1.        PRELIMINARY MATTERS

 

         1.1.      Name. The Plan evidenced by this instrument shall be known as

                  the Paychex, Inc. Deferred Compensation Plan.

 

          1.2.      Purpose. The sole and exclusive purpose of the Plan is to

                  enable a select group of highly compensated and/or management

                  employees of the Corporation and Directors of the Corporation

                  to defer income tax on a portion of their Compensation.

 

2.        DEFINITIONS

 

         2.1.      "Board" means the Board of Directors of the Corporation.

 

         2.2.      "Change in Control" means: (i) one or more changes in the

                  ownership of stock of the Corporation if after the change or

                  changes, at least 50 percent of the total combined voting

                  power of all classes of stock of the Corporation is actually

                  or constructively owned by one person, corporate or otherwise;

                  or (ii) the transfer by the Corporation, in one or more

                  transactions, of all or substantially all of its assets to

                  another person, corporate or otherwise, or group of related

                  persons, whether by sale, merger, consolidation, or other

                  arrangement.
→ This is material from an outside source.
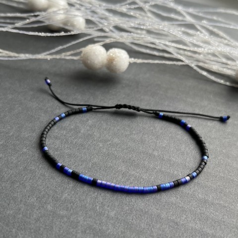 Náramek z luxusních drobných japonských skleněných korálků Miyuki na černé syntetické šňůrce. Délka korálkové části 15 cm.
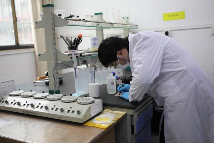 在实验室做实验的邓鸿杰

The Board shall make the final determination of

                  whether a Change in Control has occurred.

 

         2.3.      "Compensation" means taxable wages paid by the Corporation for

                  services rendered by the Participant including contributions

                  made to the Paychex, Inc. 401(k) Incentive Retirement Plan,

                  excluding reimbursements of moving expenses, stock option

                  income, the imputed value of group-term life insurance,

                  Section 125 contributions, and amounts distributed from the

                  Paychex, Inc. 401(k) Incentive Retirement Plan. With respect

                   to a Director of the Corporation, "Compensation" means

                  Director's fees.

 

         2.4.      "Committee" means the Deferred Compensation Plan Committee of

                  the Corporation, as duly appointed from time to time.

 

         2.5.      "Corporation" means Paychex, Inc., or any other corporation

                  that is a member of the same affiliated group (as defined in

                  Section 1504(a) of the Internal Revenue Code) and adopts the

                  Plan.

 

         2.6.      "Deferred Compensation Account" or "Accounts" means the

                  account established by the Corporation for a Participant

                  pursuant to Section 3.3 of the Plan.

 

         2.7.      "Designated Fund" means any mutual fund selected by the

                  Committee to be an investment alternative under the Plan. The

                  Committee has sole authority to determine the funds that may

                  be used as investment alternatives under the Plan and may add,

                  delete or substitute funds from time to time.

 

         2.8.      "Participant" means an employee or Director of the Corporation

                  who has been designated by the Committee as eligible to

                  participate in the Plan, and who has signed a written deferral

                  election pursuant to Section 3.2 of the Plan.

 

         2.9.      "Plan" means the Paychex, Inc. Deferred Compensation Plan as

                  set forth in this document or as amended from time to time.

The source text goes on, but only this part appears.